Publicado en Portafolio el 17 de julio de 2015
“Y qué importan 60.000 colados diarios si con eso no se quiebra el sistema… Si los medios vuelven a repicar con el tema, pues se anunciará otra medida que al cabo de unos días será olvidada”. Esa es una hipotética respuesta que puede explicar por qué no se emprenden soluciones de fondo a la problemática del Transmilenio.
El argumento no carece de lógica financiera. Según el Dane, por las troncales de Transmilenio se movilizaron 5.162.000 pasajeros mes en promedio en el primer trimestre de 2015, con lo cual los ingresos por pasajes, suponiendo que todos pagan, ascenderían a $3.3 billones anuales. El costo de los colados equivaldría apenas al 1.2% de esos ingresos.
La misma lógica puede ser aplicada por la policía y la justicia. Ellos se preguntarán si se justifica sancionar la elusión de un pago de $1.800 gastando recursos públicos en poner más agentes en las estaciones, imprimir libretas para poner “partes” que los colados nunca pagarán, y reseñar a los infractores en un juzgado. El argumento se refuerza teniendo en cuenta los problemas de congestión de la justicia, y la necesidad de controlar delitos de mayor impacto, como homicidios, narcotráfico, contrabando, robos y terrorismo.
En síntesis, la visión parece ser que no se justifica gastar pólvora en gallinazos. Pero el problema hay que verlo en otras dimensiones. Por un lado, pensar en cuál es el costo de oportunidad; el dinero no recaudado equivale a reemplazar más de 11.000 lozas dañadas de la troncal de la Caracas, o construir unas 800 viviendas gratis para los más desfavorecidos.

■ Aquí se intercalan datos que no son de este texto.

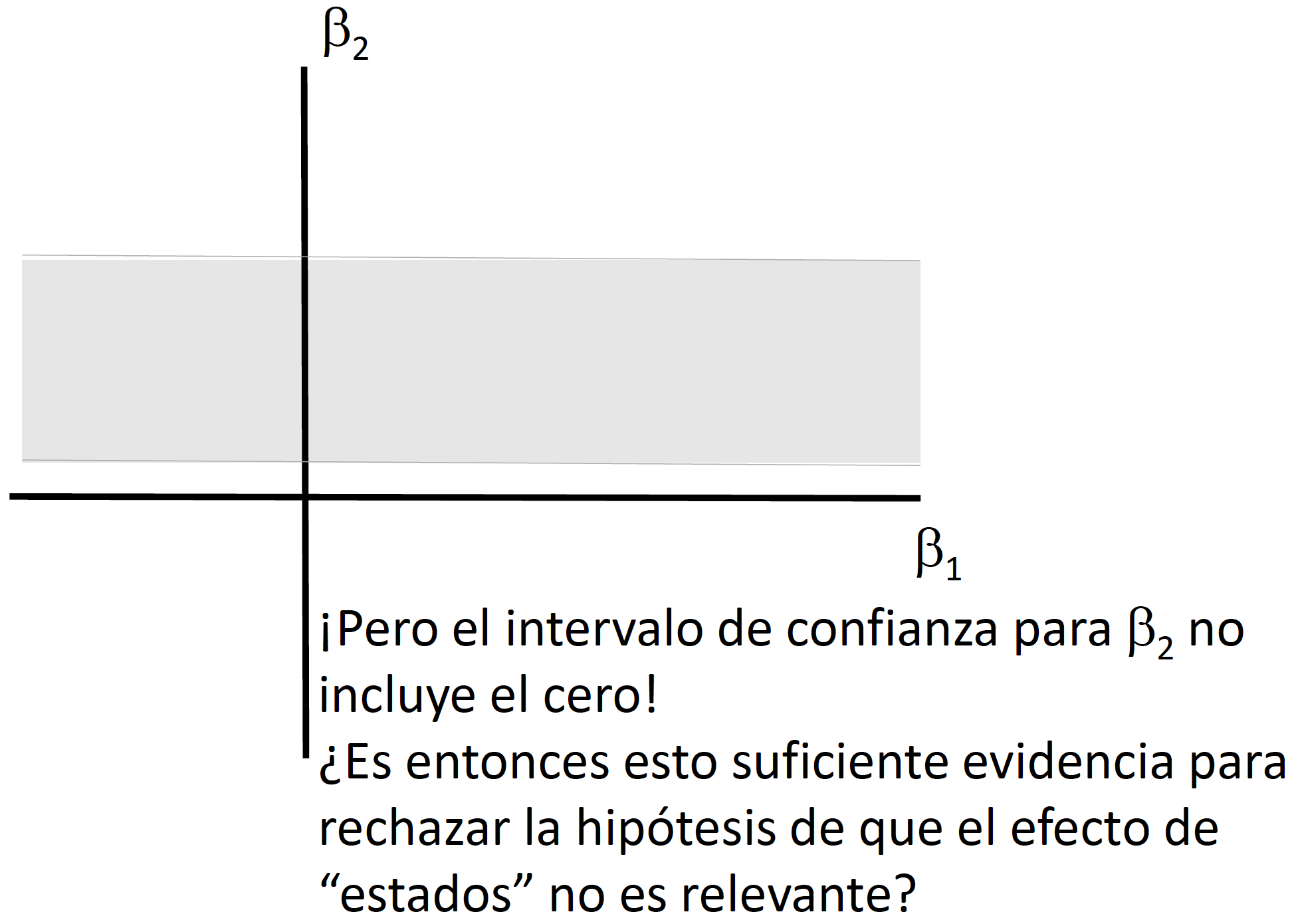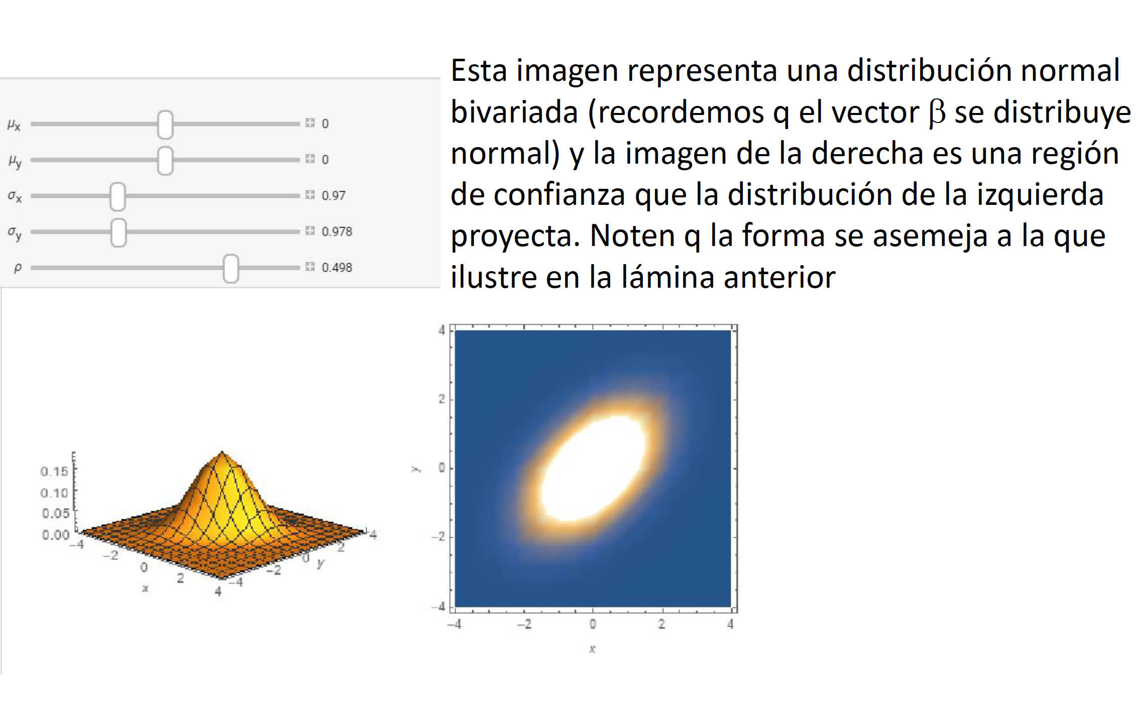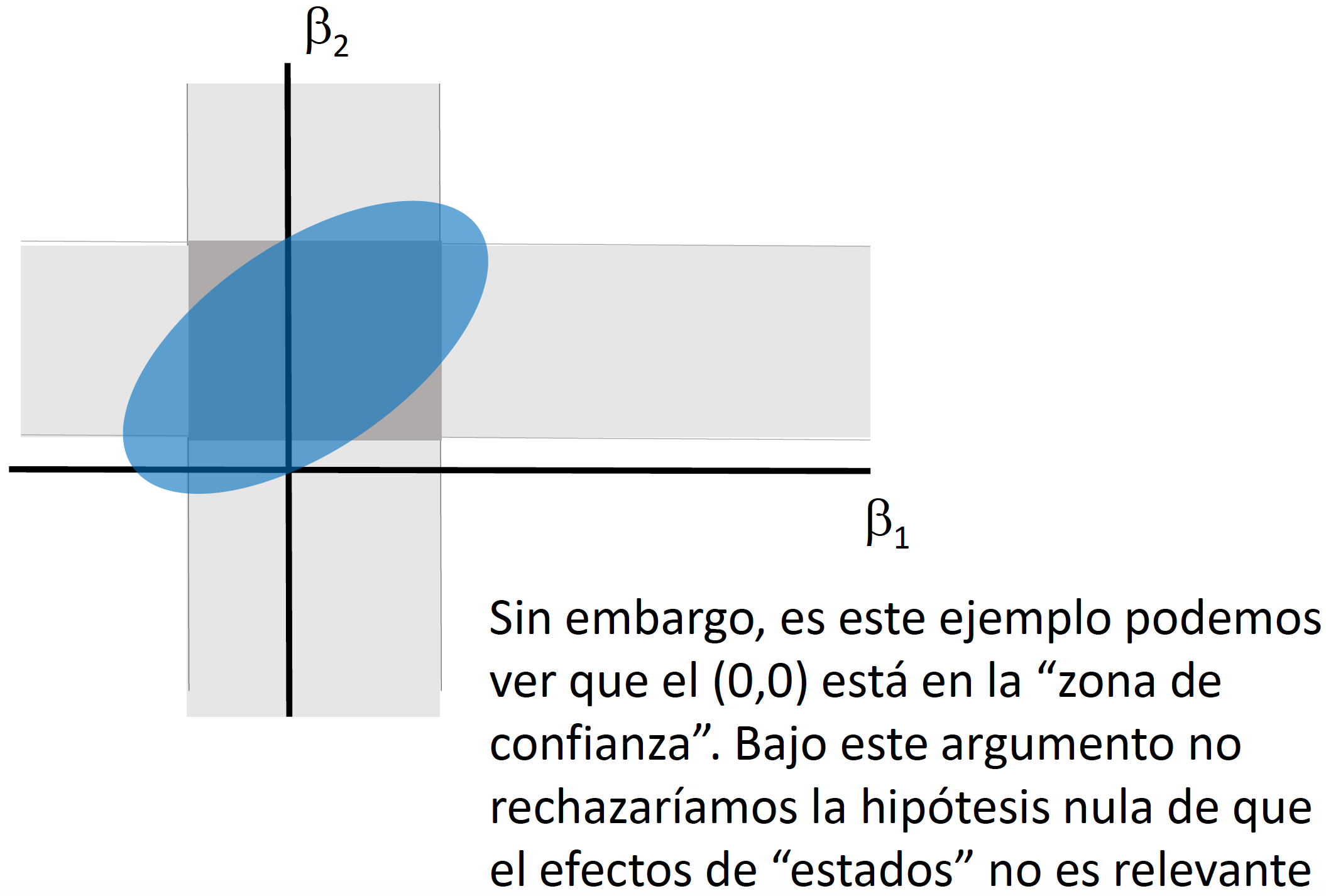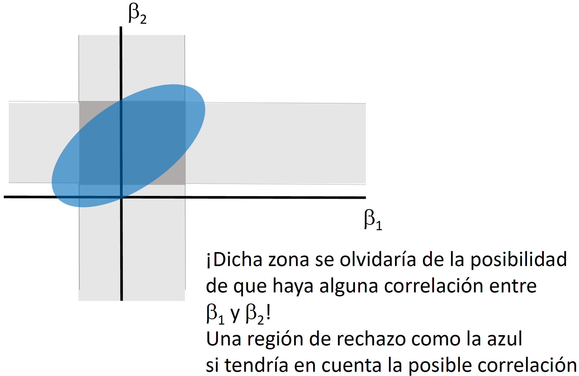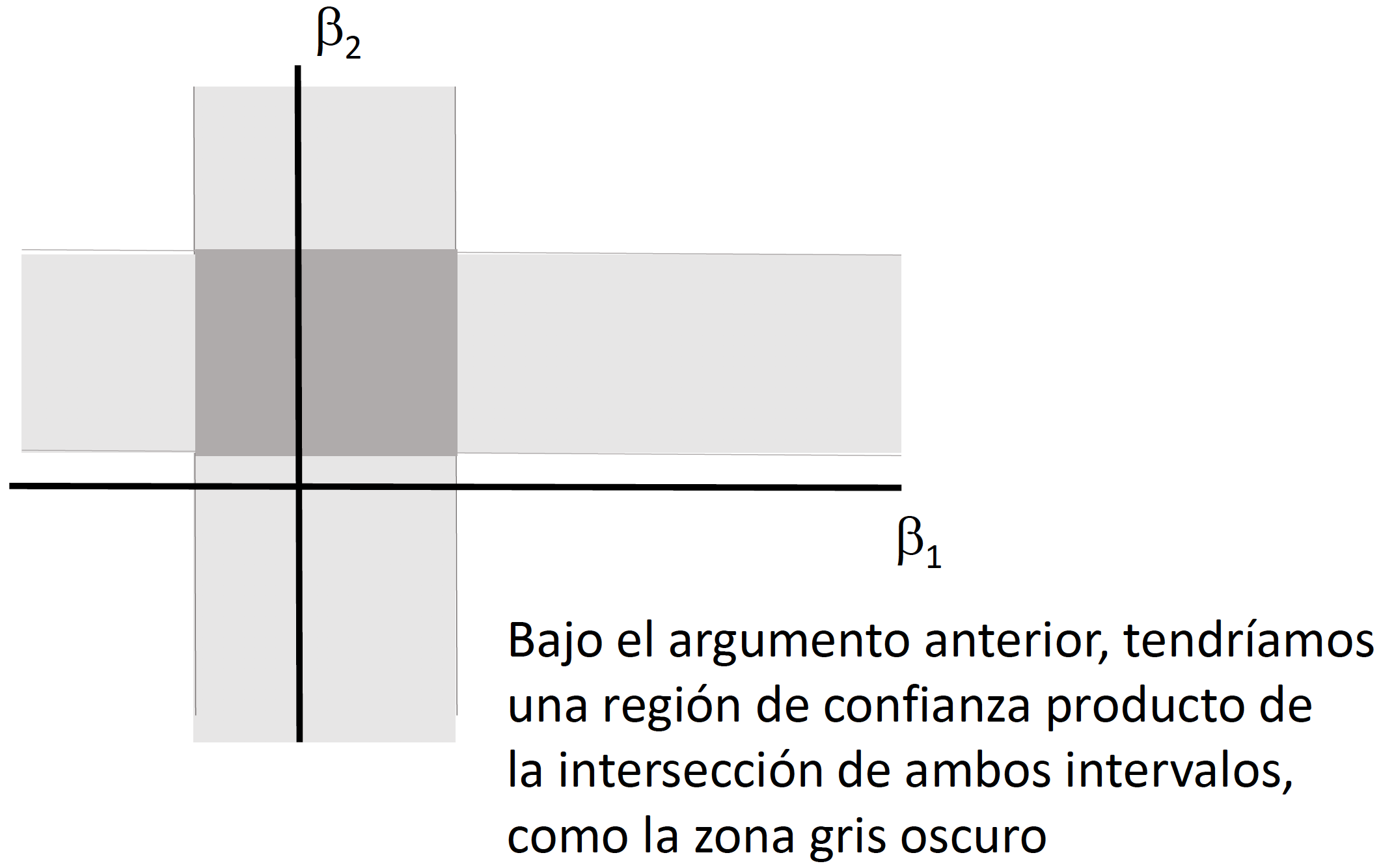 Si quisiéramos llevar a cabo pruebas de hipotesis multi-dimensionales, en vez de un intervalo de confianza necesitaríamos generar una elipse de confianza (o una región de confianza). Llevar a cabo pruebas de hipótesis de forma independiente (como lo veremos en clase) implica dejar de considerar la covarianza que puede existir entre los coeficientes.

Por otro lado, se deben tomar en cuenta los efectos de la inacción, para lo cual es útil el enfoque de la teoría de la ventana rota. El problema no es solamente el monto de recursos perdidos, sino las consecuencias que se generan en la sociedad por no actuar contra los colados. En esto no se descubre el agua tibia, pues ciudades como Nueva York ya lo vivieron; no controlar los colados generó el efecto rebaño que hizo crecer la cifra como la espuma.
Y detrás de esa actitud permisiva surgen actividades como los vendedores informales; el temor de los usuarios, que a la larga tenderán a abandonar el sistema por otros medios de transporte; el daño de la infraestructura; los robos y el acoso a las mujeres, entre otros.
Además, las soluciones mecánicas con las que se responde a la presión mediática tienen efectos no deseados que, a la larga, pueden generar mayores costos económicos y sociales. Por ejemplo, poner vidrios encima de las barandas que hay entre cada vagón, indujo a los colados a forzar las puertas ocasionando daños que para el 2014 se estimaron en $6.199 millones; peor aún, con ello se eliminó una opción de escape de las estaciones para los pasajeros en casos de emergencia.
Finalmente, el deterioro del Transmilenio va en contravía de las políticas que buscan desincentivar el uso del carro particular. Como lo afirma Anna Matas, experta en economía del transporte, “un transporte público de calidad potencia los resultados del mecanismo de precios mediante la captación de usuarios adicionales. Ello es así porque la demanda de transporte privado es más sensible al precio cuando existe una buena alternativa”.